D’une part, les susdites Nations, La Piémontaise comme L’Espagnole, L’Impériale comme La Françoise, auront même couleur – pour ne pas dire absence de couleur –, mêmes consistance, densité, intensité ; avec une opposition par trop homéopathique entre pièces d’inventions et pièces construites, notes courtes et notes tenues, colorations claires et sombres… Visiblement, aux Ombres [photo] il manque un chef à la barre, un architecte sur la dunette, un fédérateur sur l’estrade. Lors d’une franche et lumineuse attaque du basson, d’une belle introduction du théorbe, de la fine trame construite par une (courageuse) claveciniste, des éclairs musicaux, on note bien de superbes et jeunes individualités. Mais ce ne sont que brefs moments, bien moins longs que le discours imposé par la violiste de gambe pour tout nous expliquer. Côté longueur, justement, on se demande si le travail en commun le fut aussi en profondeur.

Reste, évidemment, le chant et l’interprétation du jeune mezzo-soprano Isabelle Druet qui apporte une autre composante et une autre question. La ligne de chant est lyrique, bien tenue, claire dans l’aigu peut-être un rien durci. Mais elle est par trop dépourvue de ductilité dans le mezza voce et de souplesse comme de présence dans le médium, et le chant ne semble pas vraiment correspondre aux exigences du chant baroque.

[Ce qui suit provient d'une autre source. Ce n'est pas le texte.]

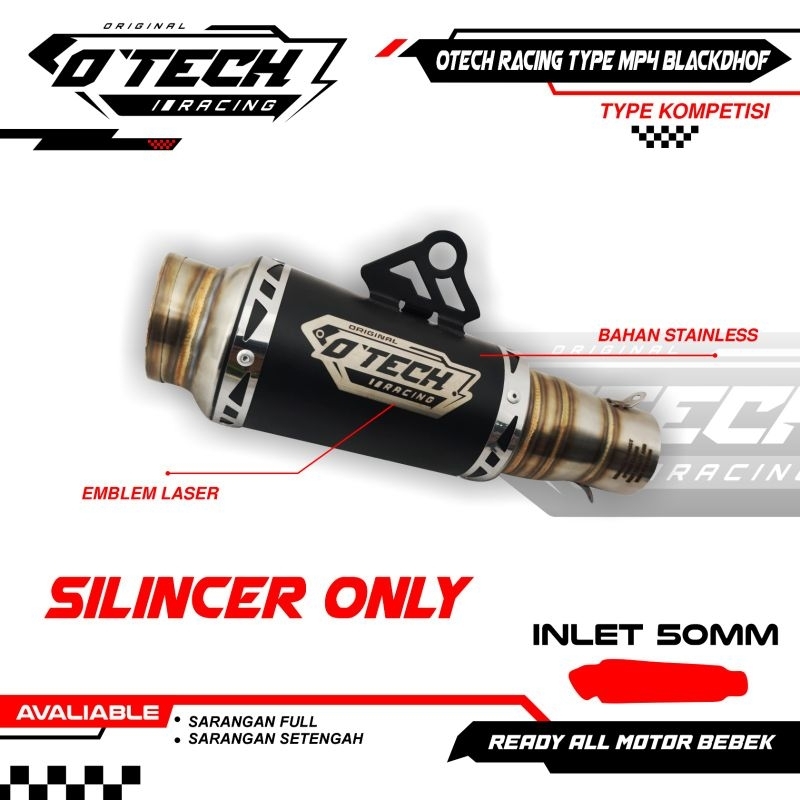 Knalpot Original Otech Racing Type Mp4 Blackdhof Silincer Only Inlet 50mm

Bref, Couperin n’est pas Bizet !

Les grands anciens d’aujourd’hui ont été les jeunes redécouvreurs du répertoire baroque qu’ils remirent « dans son jus » en le débarrassant d’ajouts successifs et pesants infligés par les postromantiques. Ils ont encore de beaux jours devant eux, comme le montre à l’évidence la nouvelle visite rendue par William Christie à ce festival qui, dès ses débuts, accueillit les pionniers : déjà le juvénile « Bill » était déjà du nombre ! Le voilà revenu avec Les Arts Florissants, son ensemble fétiche qui ne prend pas une ride, où les anciens font une place de choix aux petits nouveaux et dont le maestro sait fondre avec perfection les composantes.

Christie, s’est aussi Charpentier, ce musicien français trop longtemps délaissé dont l’Américain défendit les partitions, tant profanes que sacrées, à commencer par le fameux Office des défunts. Le chef revient avec des œuvres d’inspiration religieuse : d’abord Cécile vierge et martyre, oratorio d’une eau superbe et d’un vocalité particulièrement élaborée, en particulier lors des épisodes concertants et choraux ; ensuite, une pièce chorale intermédiaire dense et ramassée, le Motet pour les Trépassés ; enfin, L’Enfant prodigue, lequel reprend un autre temps fort de la légende biblique dans lequel la composante chorale est tout aussi sollicitée.

Que dire de l’interprétation, sinon qu’elle est une merveille de simplicité, d’efficacité, de musicalité, d’homogénéité, bref : de bonheur pour l’auditeur, depuis la première jusqu’à la dernière note ? Présente mais jamais pesante, la direction sculpte à la perfection la pâte instrumentale et vocale. Le continuo est soigneusement dosé. Le jeu des divers pupitres instrumentaux est aussi subtil qu’éloquent, les parties chorales sont détaillées sans failles.

Mais il y a mieux : c’est justement dans ces derniers rangs que chantent les divers solistes, lors d’interventions personnalisées, le tout à la perfection. Ainsi Rachel Redmond, Cecilia pleine de sensibilité et premier dessus dans le motet, avant de fondre son chant dans l’élément choral pour L’Enfant prodigue. Il est bien difficile, dans ces conditions, de citer tous ceux qui concourent à l’élaboration d’un moment de pure grâce musicale, longtemps applaudi par un public conquis.